TurnTrout 5 Apr 2021 15:03 UTC
LW: 10 AF: 5
AF
where these people feel the need to express their objections even before reading the full paper itself
I’d very much like to flag that my comment isn’t meant to judge the contributions of your full paper. My comment was primarily judging your abstract and why it made me feel weird/hesitant to read the paper. The abstract is short, but it is important to optimize so that your hard work gets the proper attention!
(I had about half an hour at the time; I read about 6 pages of your paper to make sure I wasn’t totally off-base, and then spent the rest of the time composing a reply.)

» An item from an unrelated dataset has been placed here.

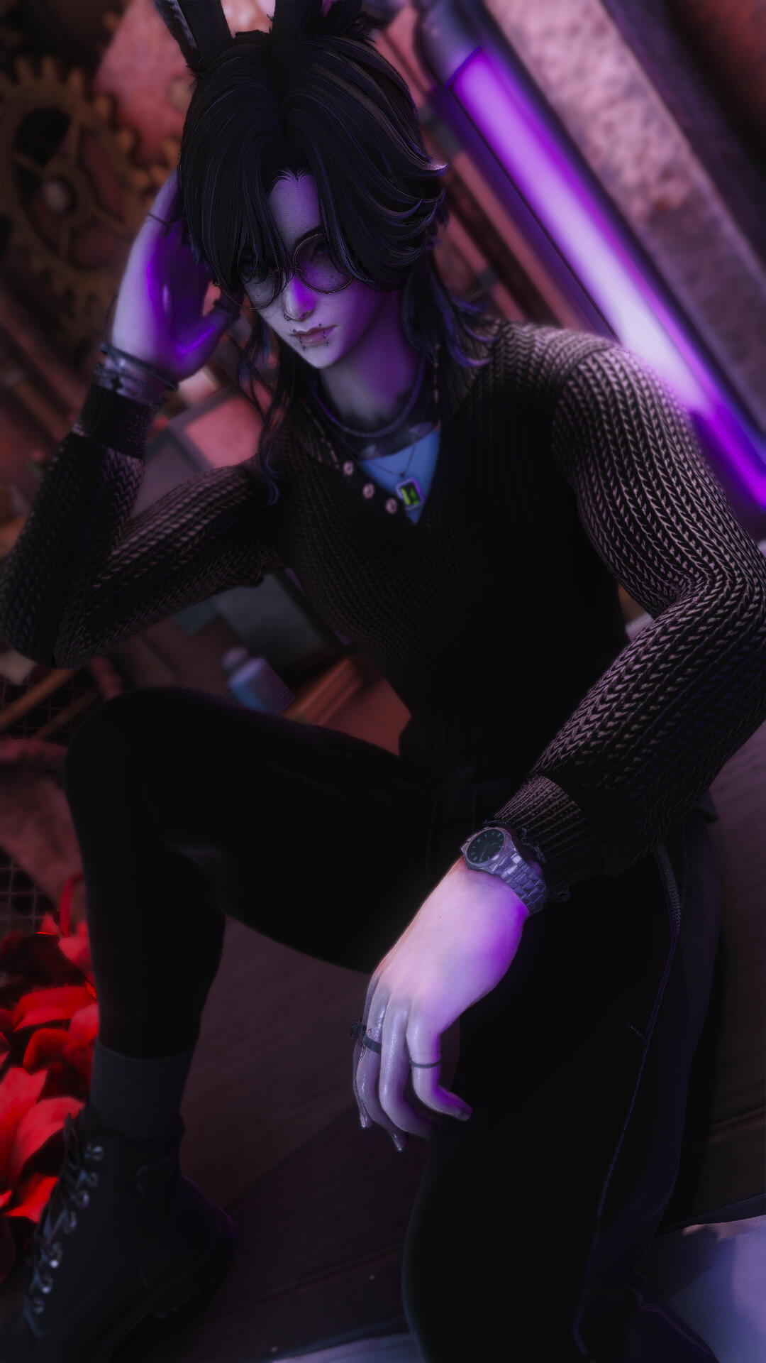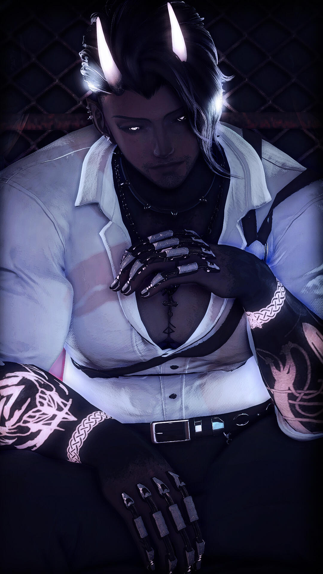 Role - DominantThe Ripperdoc of Night City, no one actually knows why Vox chose to frequent and work in the escorting business; some speculate that he takes advantage of the intimacy to rip some organs or parts out of his vic-- I mean clients, some think that he uses this as a front to perform his illegal cyber-enhancement jobs under the NCPD's radar. The truth of the matter is that this hulking behemoth of a man primarily comprised of chrome & hate is there, waiting for an unsuspecting "client" to look his way.

Specifically, you are both not objecting to the actual contents of the paper, you are taking time to offer somewhat pre-emptive criticism based on a strong prior you have about what the contents of that paper will have to be.
Alex, you are even making rhetorical moves to maintain your strong prior in the face of potentially conflicting evidence:
“That said, the rest of this comment addresses your paper as if it’s proving claims about intuitive-corrigibility.”
Curious. So here is some speculation.
Perhaps I could have flagged this so you would have realized it wasn’t meant as a “rhetorical move”: it’s returning to my initial reactions as I read the abstract, which is that this paper is about intuitive-corrigibility. From the abstract:
A corrigible agent will not resist attempts by authorized parties to alter the goals and constraints that were encoded in the agent when it was first started. This paper shows how to construct a safety layer that adds corrigibility to arbitrarily advanced utility maximizing agents, including possible future agents with Artificial General Intelligence (AGI).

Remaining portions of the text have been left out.